→ **About this task**: Only one stretch of the data should be retyped: the lines from the line containing "Deploying Large Language" through the line containing "Обои Вечерние огни". Keep pictures out of it.

→ **Records supplied**:
▬▬▬
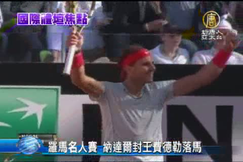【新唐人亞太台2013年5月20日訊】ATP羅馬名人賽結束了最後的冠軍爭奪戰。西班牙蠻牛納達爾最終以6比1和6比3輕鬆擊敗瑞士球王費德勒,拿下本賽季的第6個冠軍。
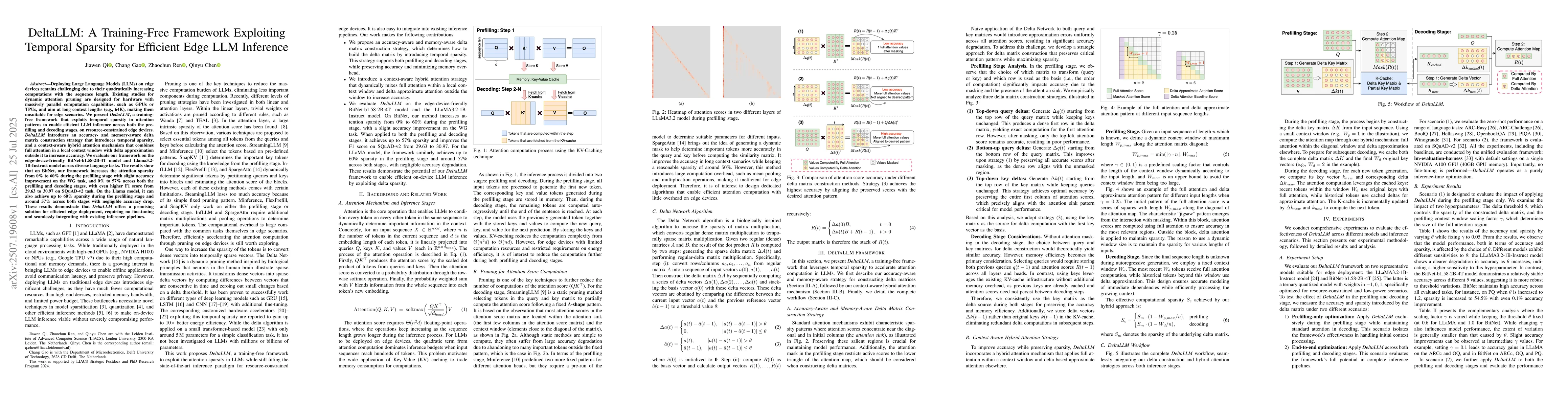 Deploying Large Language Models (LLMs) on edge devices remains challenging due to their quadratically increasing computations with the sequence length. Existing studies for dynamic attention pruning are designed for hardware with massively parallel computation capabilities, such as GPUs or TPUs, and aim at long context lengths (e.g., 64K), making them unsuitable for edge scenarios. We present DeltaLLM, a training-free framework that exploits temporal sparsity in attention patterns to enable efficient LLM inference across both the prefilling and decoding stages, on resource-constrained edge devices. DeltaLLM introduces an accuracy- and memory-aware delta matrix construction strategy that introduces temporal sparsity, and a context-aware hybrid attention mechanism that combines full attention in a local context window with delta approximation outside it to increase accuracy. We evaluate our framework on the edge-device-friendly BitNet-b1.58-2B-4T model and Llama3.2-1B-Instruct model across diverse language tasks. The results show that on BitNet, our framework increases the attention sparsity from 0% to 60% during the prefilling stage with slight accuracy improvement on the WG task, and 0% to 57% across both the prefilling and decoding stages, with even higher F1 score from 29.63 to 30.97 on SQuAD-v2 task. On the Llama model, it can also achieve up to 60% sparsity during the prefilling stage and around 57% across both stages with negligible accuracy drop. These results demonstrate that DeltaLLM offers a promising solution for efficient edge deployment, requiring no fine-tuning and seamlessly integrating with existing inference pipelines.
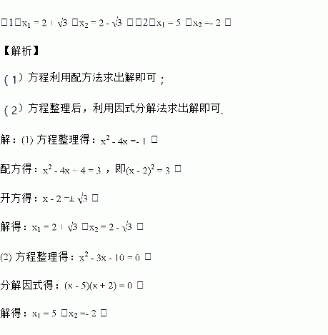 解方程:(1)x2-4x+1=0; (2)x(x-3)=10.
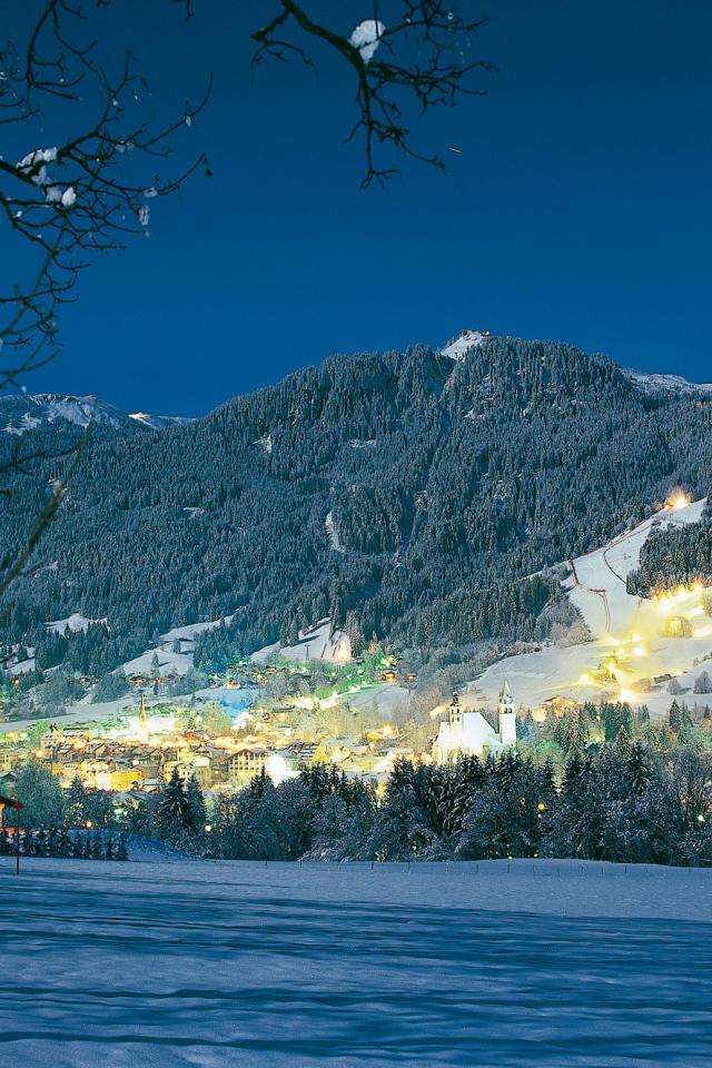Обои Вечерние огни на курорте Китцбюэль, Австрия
▬▬▬
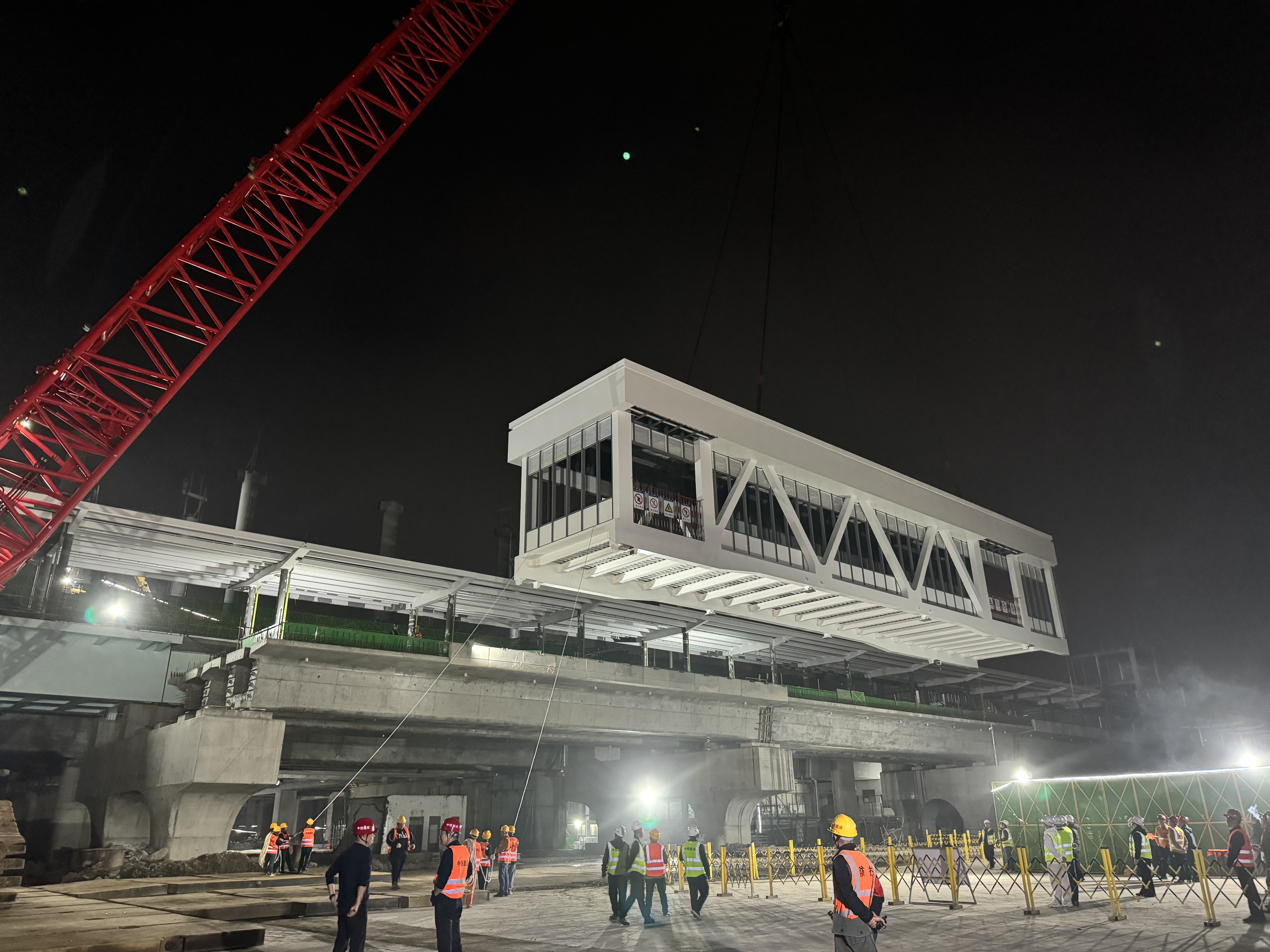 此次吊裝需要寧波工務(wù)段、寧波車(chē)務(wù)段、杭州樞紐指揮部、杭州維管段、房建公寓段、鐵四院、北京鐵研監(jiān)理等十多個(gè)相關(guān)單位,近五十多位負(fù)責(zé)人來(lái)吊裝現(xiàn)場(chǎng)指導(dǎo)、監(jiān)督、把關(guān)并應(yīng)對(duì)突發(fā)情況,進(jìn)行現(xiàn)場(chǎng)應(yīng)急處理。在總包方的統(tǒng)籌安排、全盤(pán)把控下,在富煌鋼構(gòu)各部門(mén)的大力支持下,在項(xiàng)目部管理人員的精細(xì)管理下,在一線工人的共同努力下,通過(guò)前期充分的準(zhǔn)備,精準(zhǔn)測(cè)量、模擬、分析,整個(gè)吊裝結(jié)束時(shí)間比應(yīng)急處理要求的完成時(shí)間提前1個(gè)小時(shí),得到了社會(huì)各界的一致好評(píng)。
▬▬▬
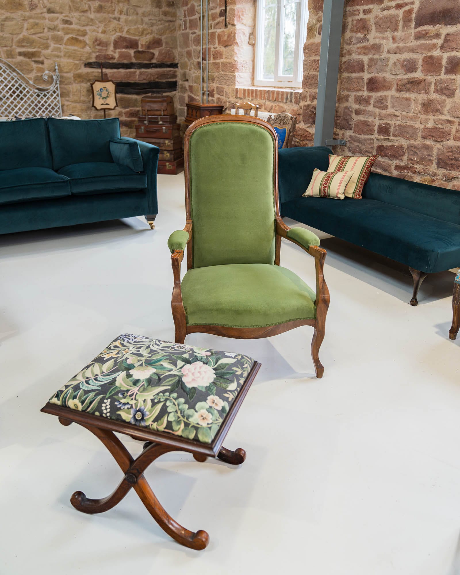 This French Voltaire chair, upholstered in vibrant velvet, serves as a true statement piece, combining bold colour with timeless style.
▬▬▬
→ **Response area**:
 Deploying Large Language Models (LLMs) on edge devices remains challenging due to their quadratically increasing computations with the sequence length. Existing studies for dynamic attention pruning are designed for hardware with massively parallel computation capabilities, such as GPUs or TPUs, and aim at long context lengths (e.g., 64K), making them unsuitable for edge scenarios. We present DeltaLLM, a training-free framework that exploits temporal sparsity in attention patterns to enable efficient LLM inference across both the prefilling and decoding stages, on resource-constrained edge devices. DeltaLLM introduces an accuracy- and memory-aware delta matrix construction strategy that introduces temporal sparsity, and a context-aware hybrid attention mechanism that combines full attention in a local context window with delta approximation outside it to increase accuracy. We evaluate our framework on the edge-device-friendly BitNet-b1.58-2B-4T model and Llama3.2-1B-Instruct model across diverse language tasks. The results show that on BitNet, our framework increases the attention sparsity from 0% to 60% during the prefilling stage with slight accuracy improvement on the WG task, and 0% to 57% across both the prefilling and decoding stages, with even higher F1 score from 29.63 to 30.97 on SQuAD-v2 task. On the Llama model, it can also achieve up to 60% sparsity during the prefilling stage and around 57% across both stages with negligible accuracy drop. These results demonstrate that DeltaLLM offers a promising solution for efficient edge deployment, requiring no fine-tuning and seamlessly integrating with existing inference pipelines.
 解方程:(1)x2-4x+1=0; (2)x(x-3)=10.
Обои Вечерние огни на курорте Китцбюэль, Австрия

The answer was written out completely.